When I looked at the record labels on these vinyl ambassadors, the phrase 'Produced by Joe Boyd' kept recurring. His name also appeared on the Fairport Convention and Nick Drake albums at the decade's end. As the 1960s dissolved into the hangover of the 70's, the seeds that Dylan had carelessly sown began to swell and split in my head, and I began to create my own dystopian psychedelia in the Soft Boys. When the subject of a producer for our first record came up, I asked for Joe Boyd - but nobody in Cambridge in 1977 had his number. We finally met in 1985, introduced by none other than Peter Buck in Wood Green, London. Peter, awestruck by Joe's 1960's roster, had asked him to produce REM. So, I asked Joe, what was it like working with the Incredible String Band?

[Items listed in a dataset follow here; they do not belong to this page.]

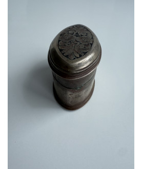 2.000,00 krSehr alte Kupferdose zur Aufbewahrung von zerstoßenem, getrocknetem Limettenpulver. Ein Muster auf dem Deckel und am Boden ein Fisch. Saubere Seiten aus reinem Kupfer. Reste von getrocknetem Limettenpulver im Inneren. Im Vergleich zum Alter ist sie in einem guten Zustand mit nur einem kleinen Loch im Boden. Gewicht 160 Gramm.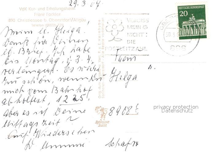 72985731 alte Postkarte Christlessee VdK Erholungsheim Franz Fackler postalisch gelaufen Erhaltung siehe scans [WerneD78] KatCode: 11110009780133
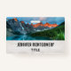 Name tag with a beautiful photograph featuring a beautiful mountain range, gray and rust colors. A green lush forest surrounds a calm clear lake. Gorgeous outdoorsy image. Name and title written on a wooden texture image for a rustic flair.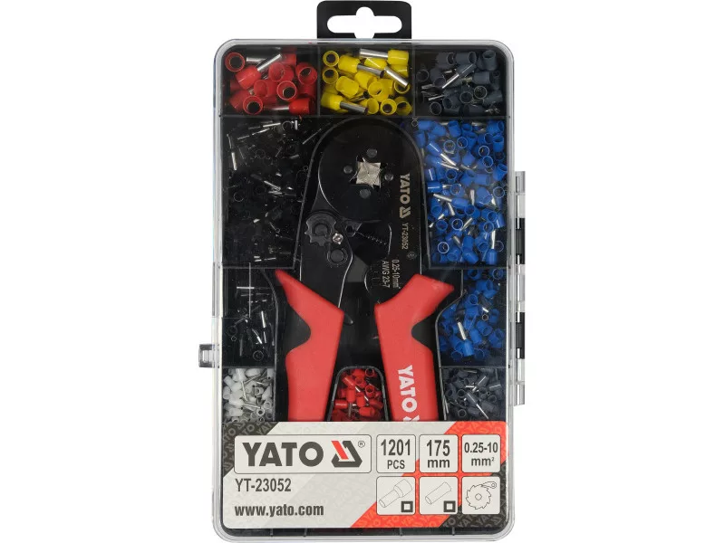 Pincers for crimping sleeve connectors on wires from 0.25 to 10 mm2 and 1200 pieces of sleeve type connectors. The pliers have a ratchet mechanism and are made of carbon steel. The blackened surface protects against corrosion. The four-piece sleeve clamp is made of tough 65Mn spring steel hardened to 50 HRC. The two-component handle caps are made of plastic. The harder PP component firmly adheres to the body, while the TPR outer part is pleasant to the touch and has non-slip properties.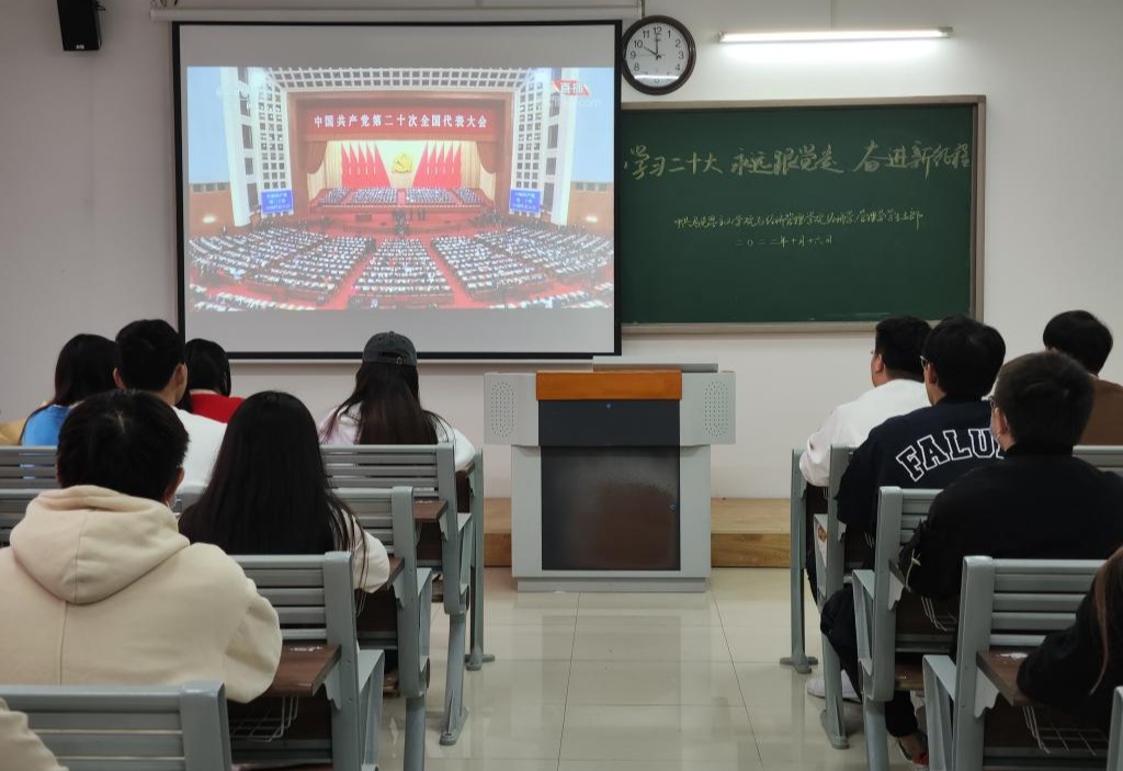 10月16日上午10时,万众瞩目的中国共产党第二十次全国代表大会在北京隆重召开,习近平总书记代表十九届中央委员会向大会作报告,为深入学习宣传贯彻党的二十大精神,永利集团88304官网集团和经济与管理学院党总支第一时间组织师生党员干部在第一教学楼214、215教室集中观看大会现场直播。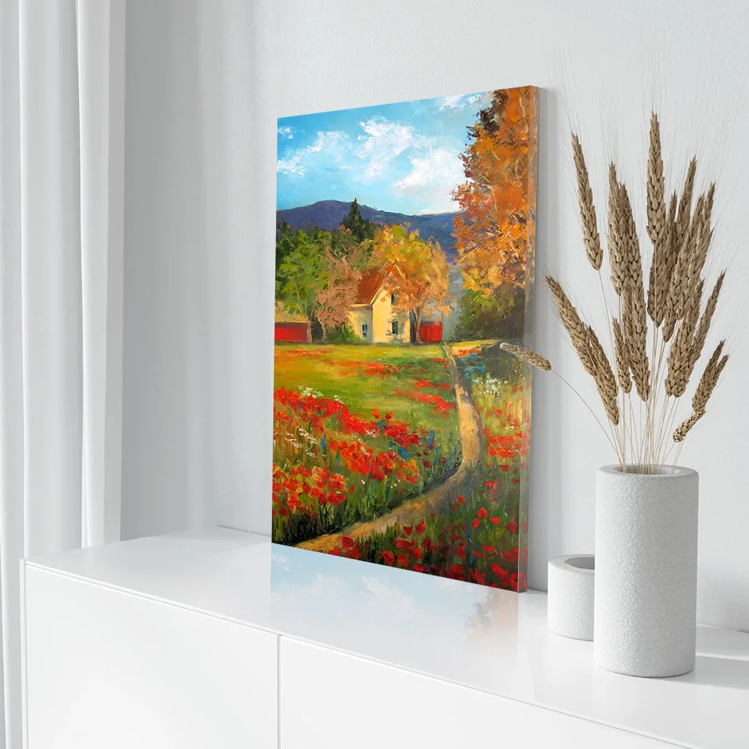Kanvas tablonuzun bakımı oldukça kolaydır. Düzenli olarak yumuşak, kuru bir bezle tozunu alın. Direkt güneş ışığından ve nemli ortamlardan uzak tutun. Gerektiğinde hafif nemli bir bezle silebilirsiniz, ancak tablonun fazla ıslanmamasına dikkat edin.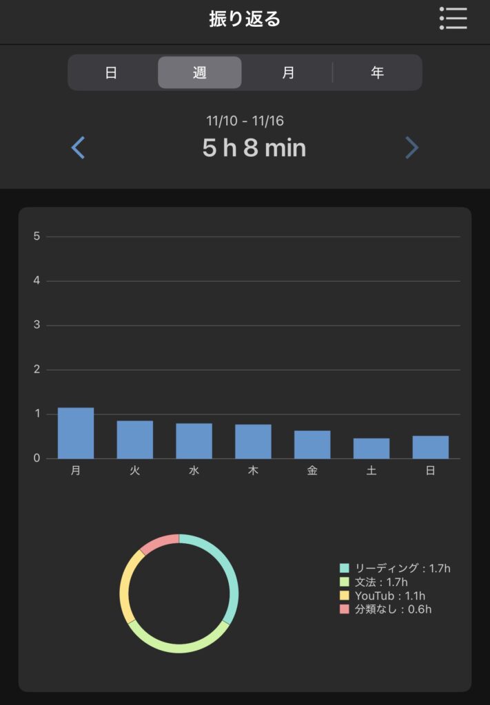 あと学習時間の向上、今週はちょっと少なかったかなぁ。言い訳はやめたい。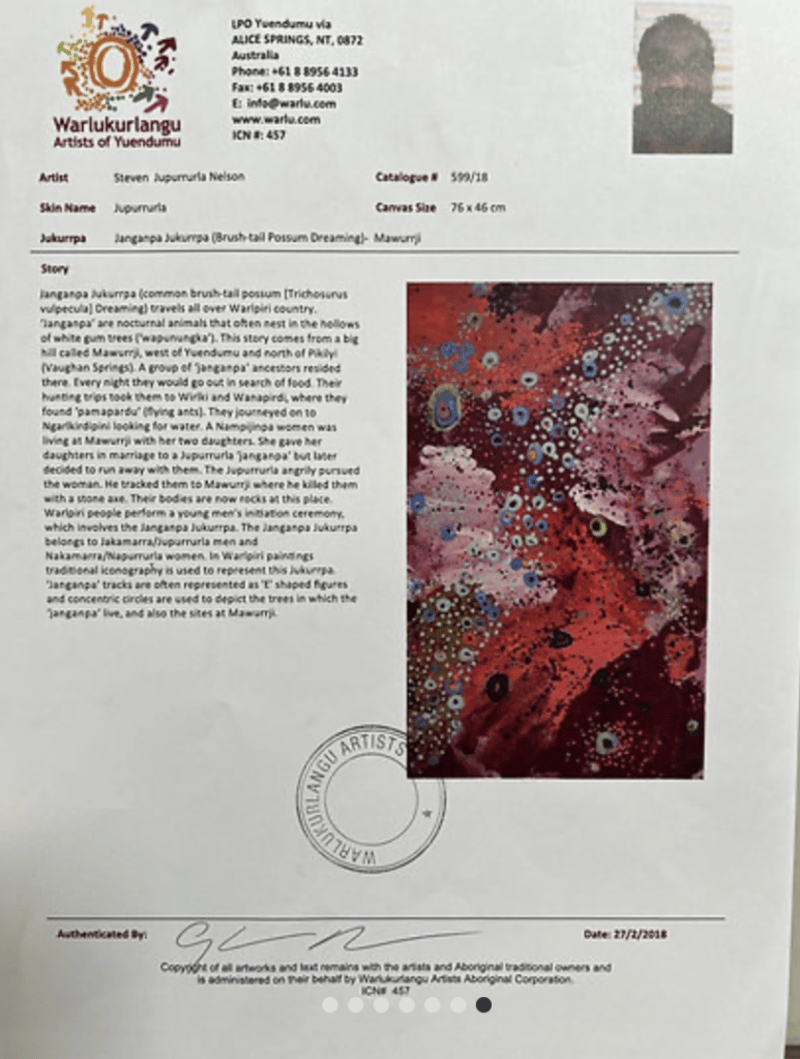 STEVEN JUPURRURLA NELSON (1978)Acrylic On Linen Title: Janganpa Jukurrpa (Brush-Tail Possum Dreaming) 2018 Image Size: 76 x 45.5cmFrame Size: Stretched Signature Details: Signed Verso Accompanied by a Certificate of Authenticity Condition: Good - Refer To Images Steven Jupurrurla Nelson Was Born 30 August 1978 In Alice Springs, Nt. He Is A Lifelong Resident Of Yuendumu, A Remote Aboriginal Community Approximately 300 Kilometres Northwest Of Alice Springs On The Tanami Road. He Was Raised By His Late Mother, Nora Nungarrayi Jurrah, And His Stepfather, Frankie Jakamarra Nelson.Steven Began Painting At Warlukurlangu Artists Aboriginal Corporation In Late 2014 After Working At The Art Centre For Some Time. He Typically Paints ‘Janganpa Jukurrpa’ (Brush-Tail Possum Dreaming). His Country Is Located Near Nyirrpi, Another Remote Aboriginal Community Approximately 170 Kilometres West Of Yuendumu. His Mother’S And Grandfather’S Country Is Also In This Area. His Mother’S Country Includes The Nginyirrpalangu Outstation. His Grandfather, Banjo Patterson, Owned Country That Includes Ngarupalya.CROSSDOCK0+2

Starting that night, over toxic lager in the flourescent-lit kitchen of Livingstone studios, and thereafter at chance meetings over the next 20 years, Joe told me about the momentum years of 1965 to 1970: him stage-managing Dylan at Newport, meeting and nurturing The ISB, Fairport, Pink Floyd, and Nick Drake; running the UFO Club, matrix of the London 'underground' scene; working on the Jimi Hendrix movie and more. Eventually, he wrote it all down and published it in his memoir - White Bicycles. As that era has now crystallized into the Arcadia of pop/rock, Joe and I have been drawn together by our perspective on how it shaped our lives: his as a young man, mine in teenage limbo. Joe had a hand in creating a world that revolutionised mine. If he is Dr Frankenstein, then I'm his monster. Or one of them...
In this show, Joe tells excerpts of his story, largely reading from 'White Bicycles': I sing the songs he worked on or was involved with, the songs I grew up with - I also ask him questions and interrupt, like a kid that wants to be part of the story. The story is a big part of me.